EXERCISE BRIEF
Starting with the line below that holds "Pirelli has supplied" and stopping after the line that holds "- Haz clic con", transcribe the lines exactly, leaving out all pictures.

DATA PROVIDED
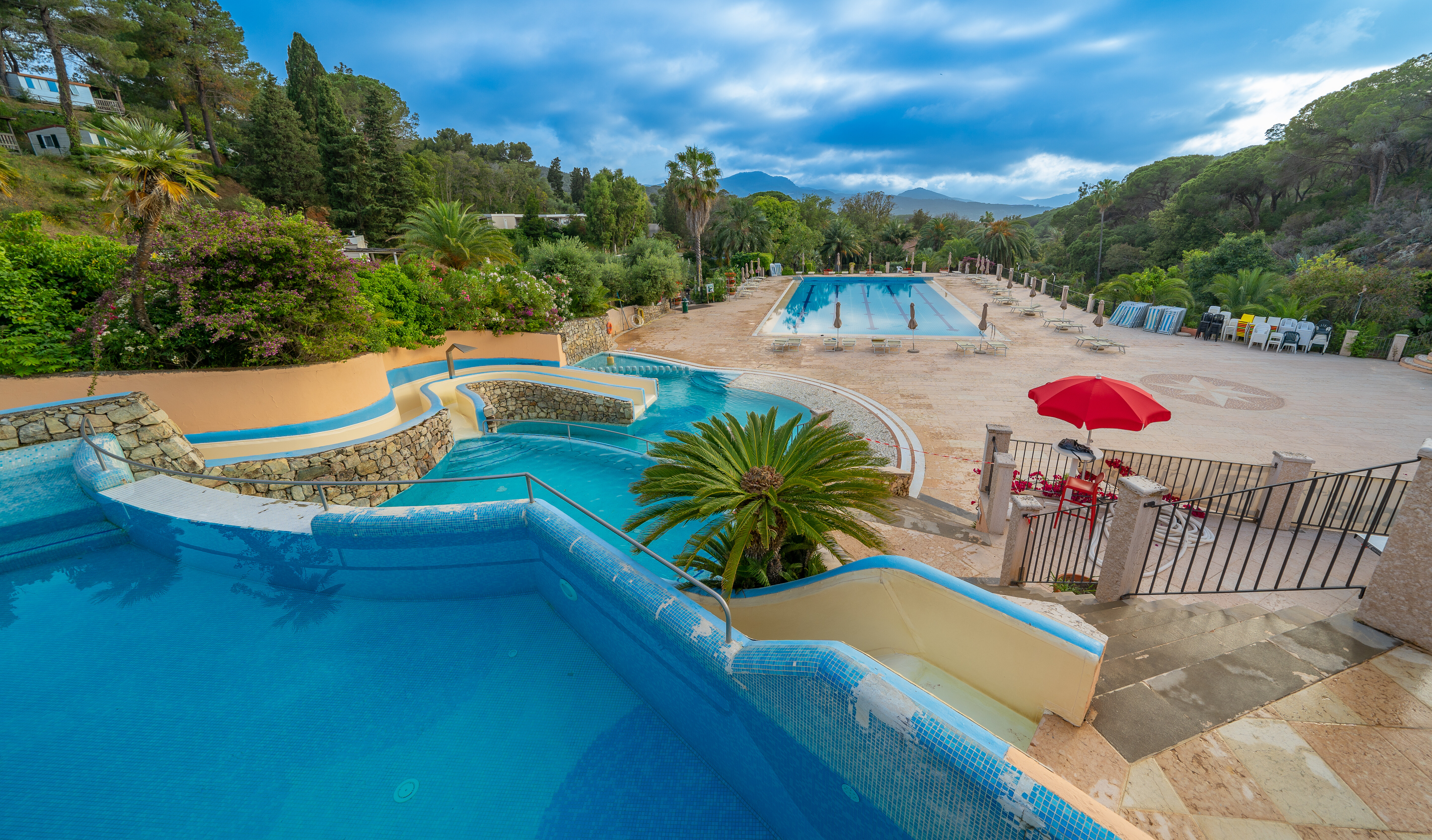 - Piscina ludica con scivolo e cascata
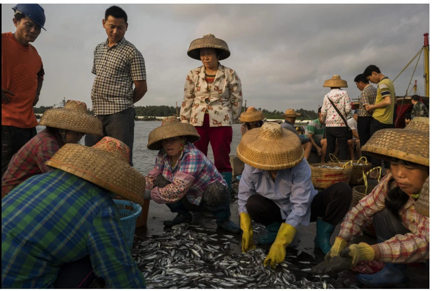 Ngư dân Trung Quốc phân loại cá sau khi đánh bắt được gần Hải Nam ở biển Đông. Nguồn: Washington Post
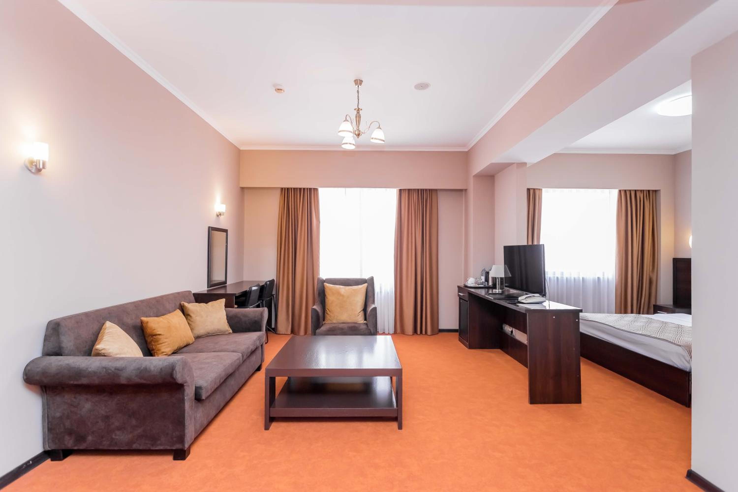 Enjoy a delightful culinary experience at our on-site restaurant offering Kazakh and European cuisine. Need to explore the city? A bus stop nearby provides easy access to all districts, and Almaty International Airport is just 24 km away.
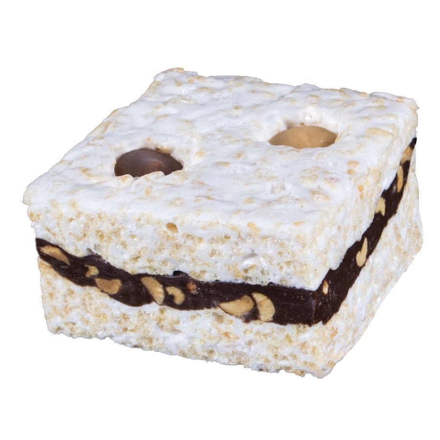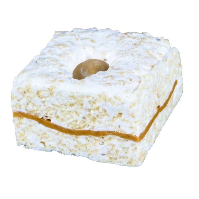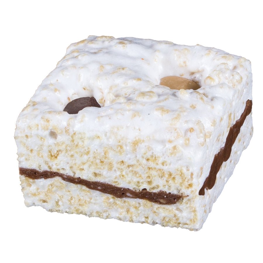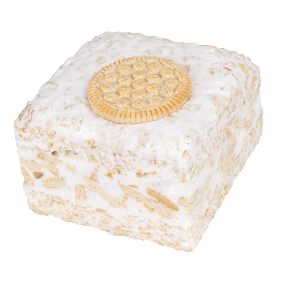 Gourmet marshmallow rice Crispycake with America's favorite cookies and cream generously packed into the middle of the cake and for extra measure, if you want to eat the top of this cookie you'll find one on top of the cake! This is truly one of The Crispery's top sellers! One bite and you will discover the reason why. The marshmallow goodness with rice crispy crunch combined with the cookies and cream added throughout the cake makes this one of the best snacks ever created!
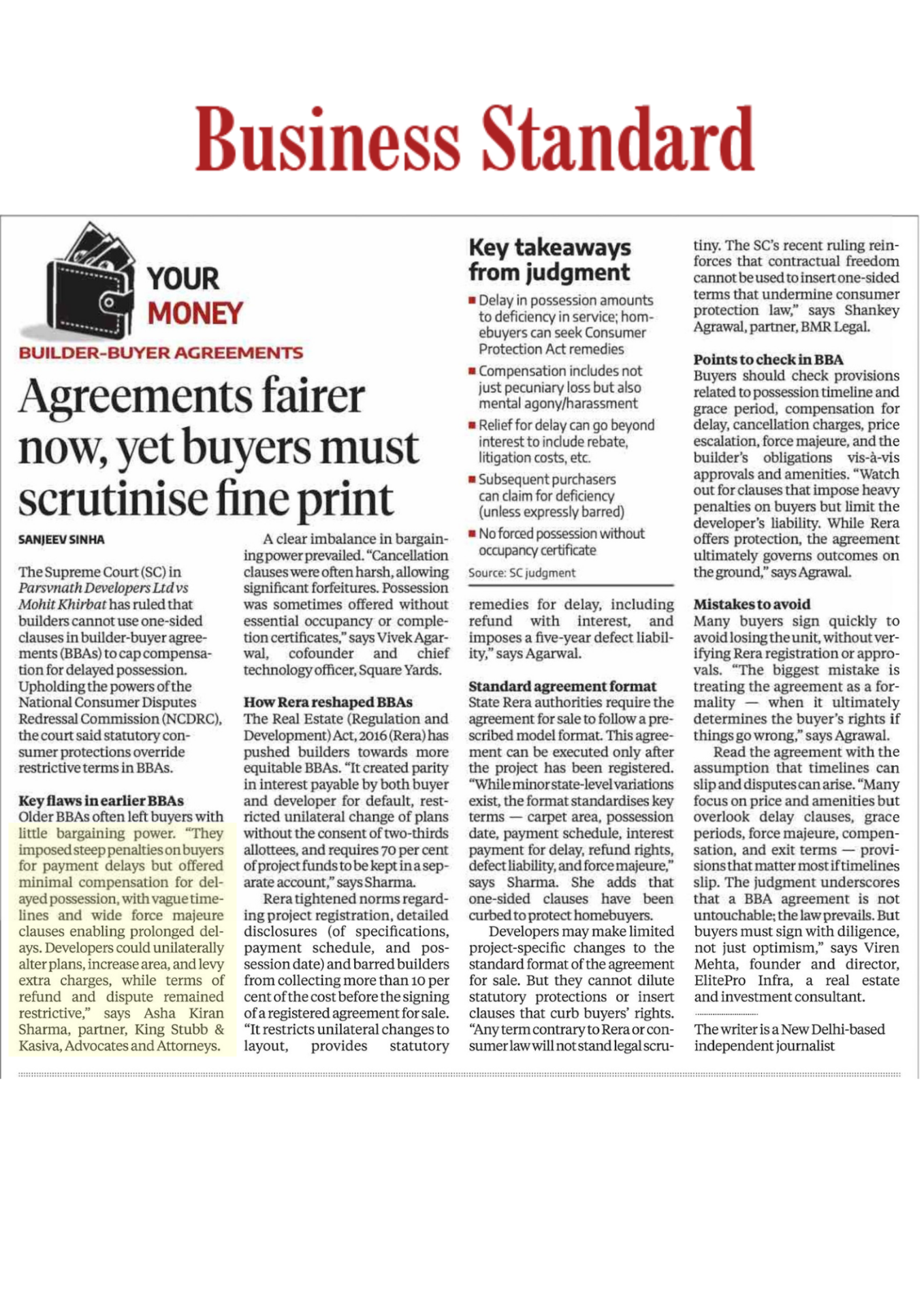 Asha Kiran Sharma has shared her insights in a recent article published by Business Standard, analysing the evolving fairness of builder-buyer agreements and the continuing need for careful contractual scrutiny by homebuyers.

--

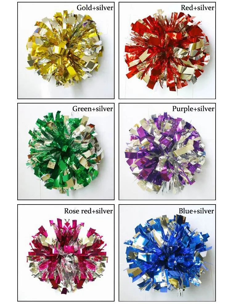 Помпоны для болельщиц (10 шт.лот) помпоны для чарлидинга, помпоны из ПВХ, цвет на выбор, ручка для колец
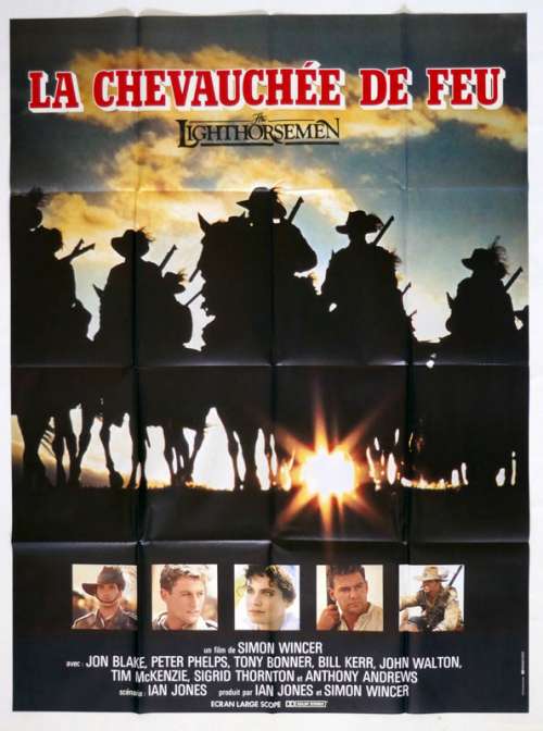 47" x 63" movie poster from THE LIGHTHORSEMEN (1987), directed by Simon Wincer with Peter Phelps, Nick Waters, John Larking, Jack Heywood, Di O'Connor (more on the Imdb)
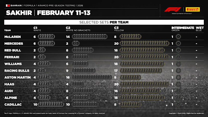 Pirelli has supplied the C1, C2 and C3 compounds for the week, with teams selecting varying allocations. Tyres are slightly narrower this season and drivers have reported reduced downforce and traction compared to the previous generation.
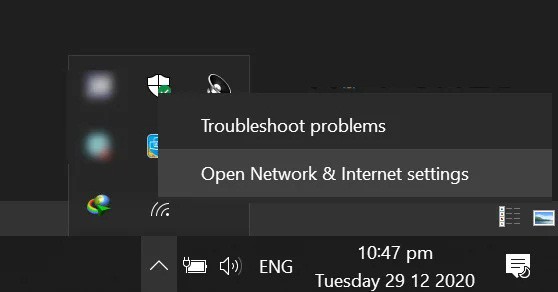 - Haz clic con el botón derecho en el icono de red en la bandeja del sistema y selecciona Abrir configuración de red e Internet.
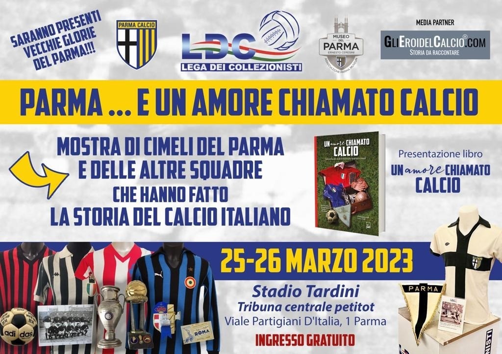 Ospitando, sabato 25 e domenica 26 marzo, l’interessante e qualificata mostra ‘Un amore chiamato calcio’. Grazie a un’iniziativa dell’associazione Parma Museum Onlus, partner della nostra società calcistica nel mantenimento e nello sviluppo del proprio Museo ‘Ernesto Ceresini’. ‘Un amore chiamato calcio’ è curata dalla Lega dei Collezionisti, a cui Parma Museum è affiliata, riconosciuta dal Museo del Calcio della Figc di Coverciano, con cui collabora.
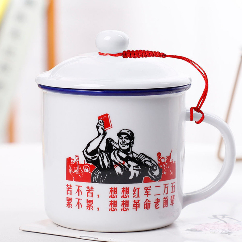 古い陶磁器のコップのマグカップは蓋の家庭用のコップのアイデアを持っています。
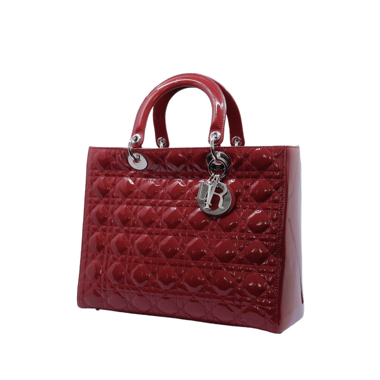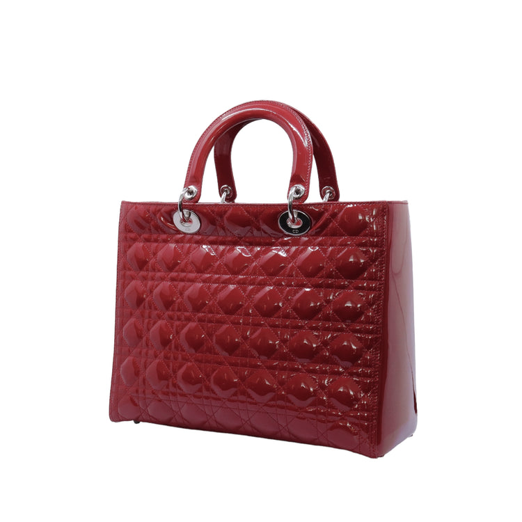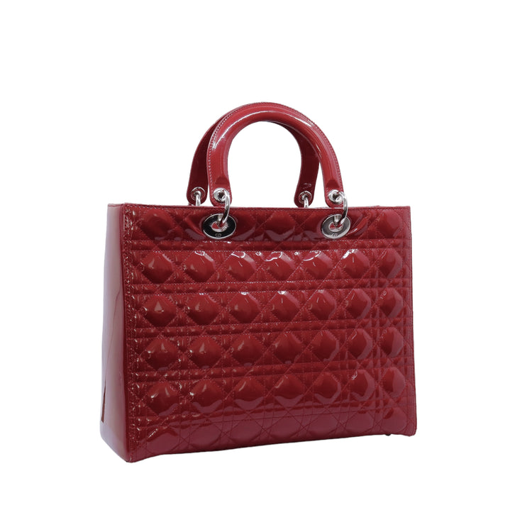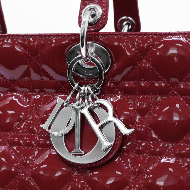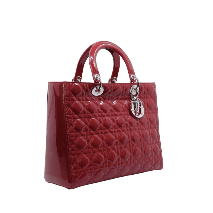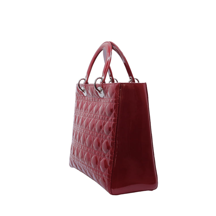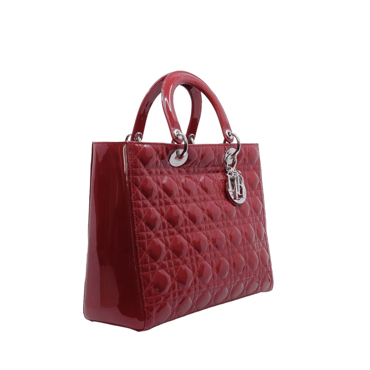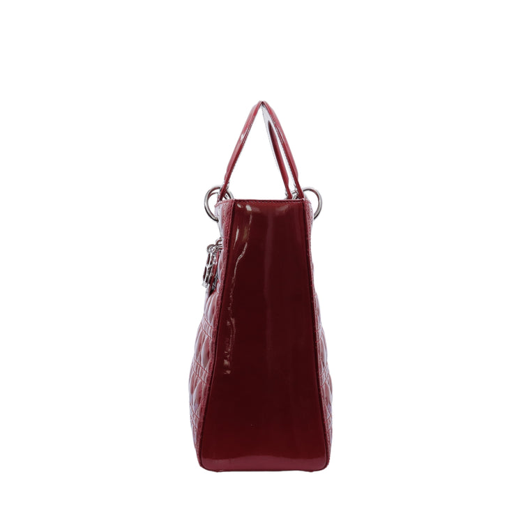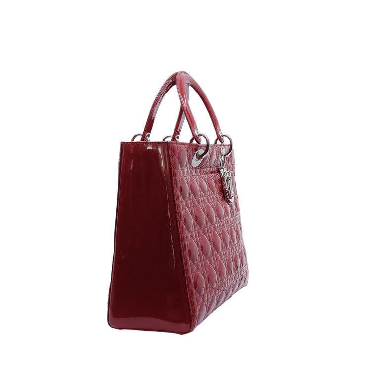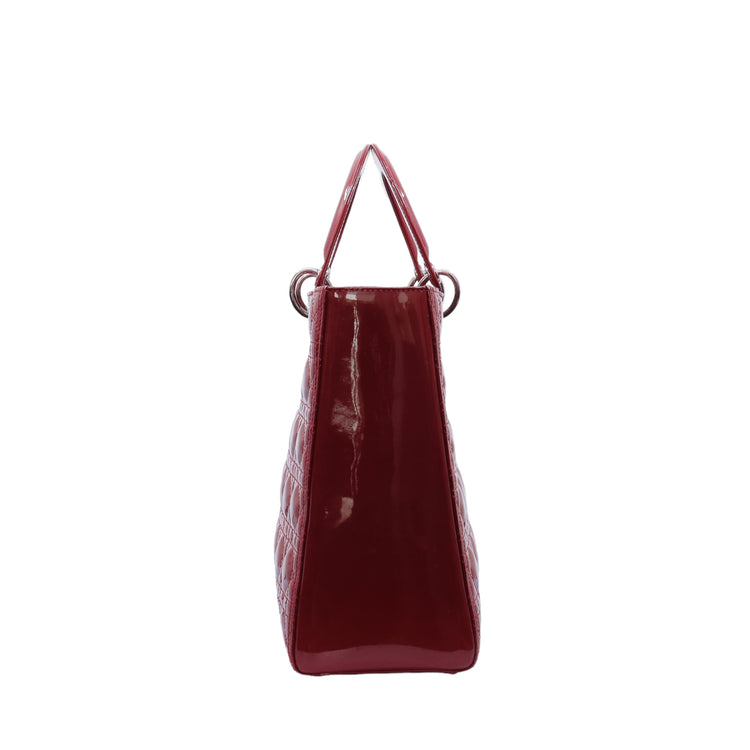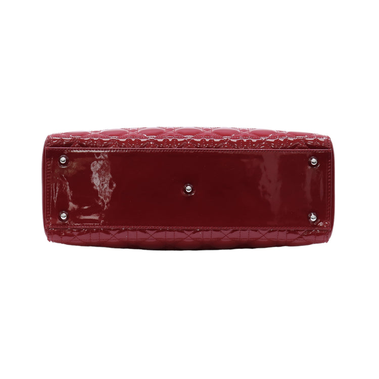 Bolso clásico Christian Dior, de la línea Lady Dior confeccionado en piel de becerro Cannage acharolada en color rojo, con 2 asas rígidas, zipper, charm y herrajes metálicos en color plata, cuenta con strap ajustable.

--

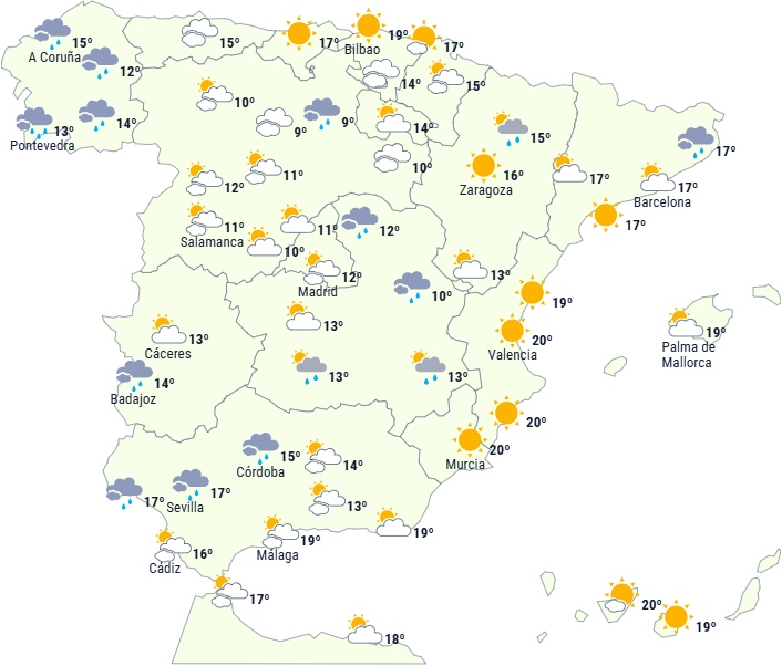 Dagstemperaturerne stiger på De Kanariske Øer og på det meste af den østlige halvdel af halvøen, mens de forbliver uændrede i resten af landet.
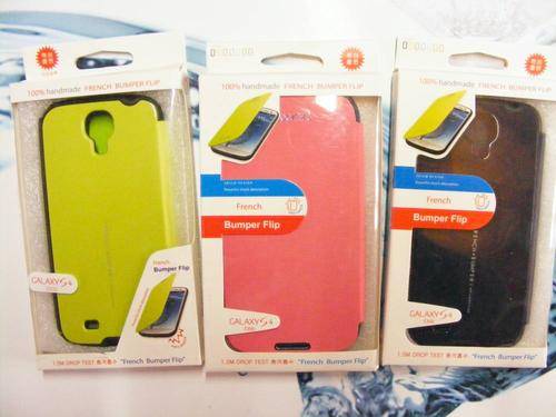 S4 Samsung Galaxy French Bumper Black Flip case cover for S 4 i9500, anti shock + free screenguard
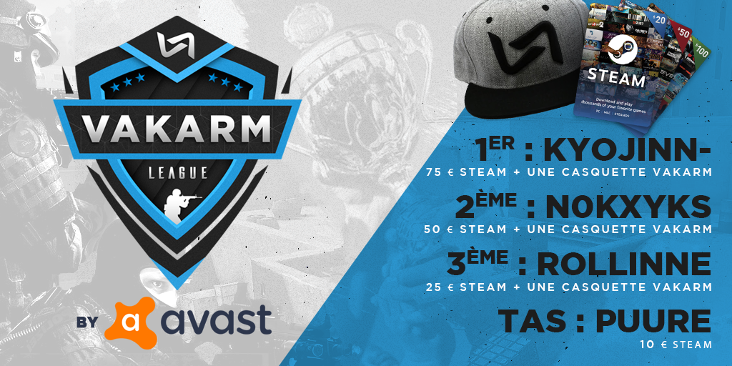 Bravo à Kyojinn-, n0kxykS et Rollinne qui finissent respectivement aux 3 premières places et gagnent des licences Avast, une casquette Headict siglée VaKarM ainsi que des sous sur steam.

RESULT
 Pirelli has supplied the C1, C2 and C3 compounds for the week, with teams selecting varying allocations. Tyres are slightly narrower this season and drivers have reported reduced downforce and traction compared to the previous generation.
 - Haz clic con el botón derecho en el icono de red en la bandeja del sistema y selecciona Abrir configuración de red e Internet.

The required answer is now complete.